There are six identified SGLT (sodium glucose co-transporter) proteins in humans, of which the SGLT1 and SGLT2 receptors have been studied more thoroughly in recent years. Despite the outstanding sequence similarity between SGLT1 and SGLT2, they show different physiological and biochemical properties. While SGLT1 is primarily expressed in the intestines, SGLT2 is most abundant in the renal cortex, where it plays an essential role in renal glucose reabsorption. SGLT2 inhibitors, including dapagliflozin, canagliflozin, ipragliflozin, tofogliflozin, luseogliflozin, sotagliflozin, ertugliflozin and empagliflozin, have been studied in several clinical studies for the treatment of type 2 diabetes mellitus. Their selectivity for the SGLT2 receptor shows significant variance. While empagliflozin is 2500×, ertugliflozin is 2000×, dapagliflozin is 1200×, canagliflozin is 250×, sotagliflozin is only 20× more selective for the SGLT2 receptor over SGLT1, which may cause significant differences in the mechanism of action [1]. Several studies have proved that SGLT2 inhibitors are associated with reduced cardiovascular morbidity and mortality, including heart failure, and vascular diseases [2][3][4][5][6]. The underlying hypothetic mechanisms of SGLT2 inhibitors beyond their antidiabetic effects are summarized in Figure 1.

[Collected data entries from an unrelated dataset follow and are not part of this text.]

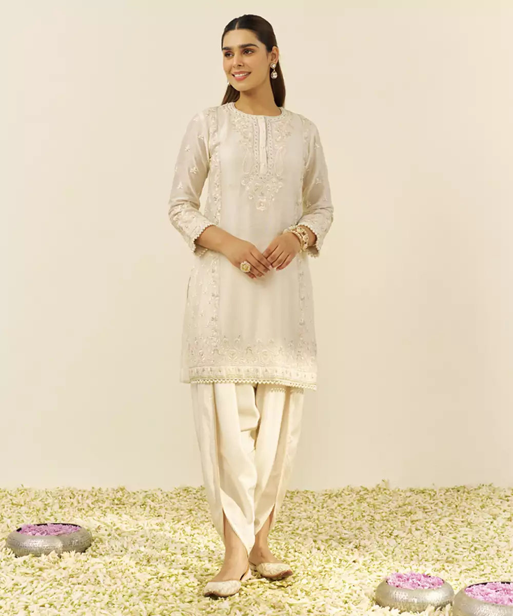 Daisy Ivory Zaisha Short Kurta With Dhoti Kurta Chanderi Silk; Bottom Bamberg Satin 1 Kurta / 1 Dhoti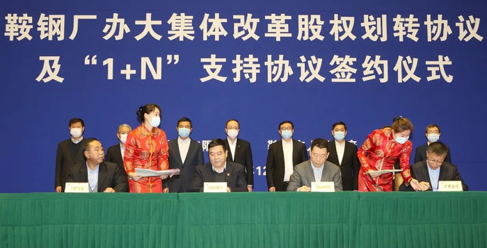 澎湃新闻(www.thepaper.cn)从钢铁央企鞍钢集团处获悉,12月23日,鞍钢集团与辽宁省鞍山市签署了《鞍钢厂办大集体改革改制企业股权划转协议》和《支持鞍钢厂办大集体改制企业发展协议》(下称“两项协议”),110多户实施重组改制的企业股权正式划转鞍山市。此举标志着鞍钢厂办大集体改革任务基本完成。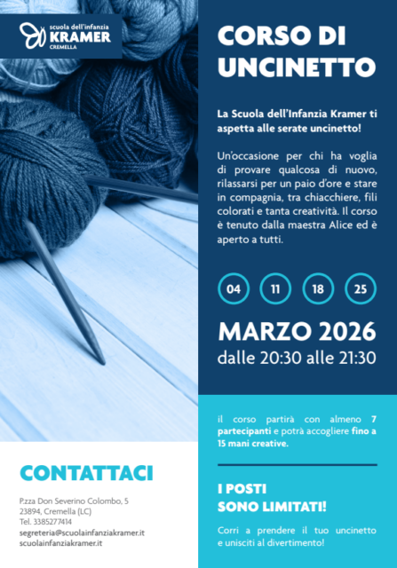 La Scuola dell’Infanzia Kramer propine per il mese di marzo un ciclo di incontri serali dedicato all’uncinetto, aperti a chiunque desideri avvicinarsi a queta tecnica artigianale in un clima informale e conviviale. Gli appuntamenti, guidati dalla maestra Alice, si terranno nelle giornate di martedì 4, 11, 18, 25 marzo, dalle 20.30 alle 21.30 alla sede della scuola. Un’occasione speciale per concedersi un’ora di creatività a fine giornata, tra fili colorati, chiacchiere e nuovi apprendimenti.

Figure 1. The systematic effects of SGLT2-inhibitors. HDL-C: high-density lipoprotein cholesterol; lb LDL-C: large buoyant low-density lipoprotein cholesterol; sd LDL-C: small dense low-density lipoprotein cholesterol; TG: triglycerides; IC Na+: intracellular sodium-ion; FFA: free fatty acids; ↑: increased amount; ↓: decreased amount.

Furthermore, SGLT2 inhibitors have renoprotective effects as well [7]. Besides their beneficial effects on the conventional risk factors for kidney disease (such as blood pressure, hyperglycemia, body weight), it has also been hypothesized that they reduce the intraglomerular pressure [8], change the activation of the renin-aldosterone-angiotensin system [9] and shift renal fuel consumption towards ketone bodies [10].

Interestingly, these cardiovascular and renoprotective effects occur despite an increase in low-density lipoprotein cholesterol (LDL-C) levels which was observed in several clinical studies [11][12]. Nevertheless, this increase in LDL-C happens in the setting of other beneficial changes in plasma lipoprotein metabolism. In this review, we aim to analyze the effects of SGLT2 inhibitors on lipid metabolism to better understand their beneficial effects on cardiovascular outcomes despite slightly elevating LDL-C level.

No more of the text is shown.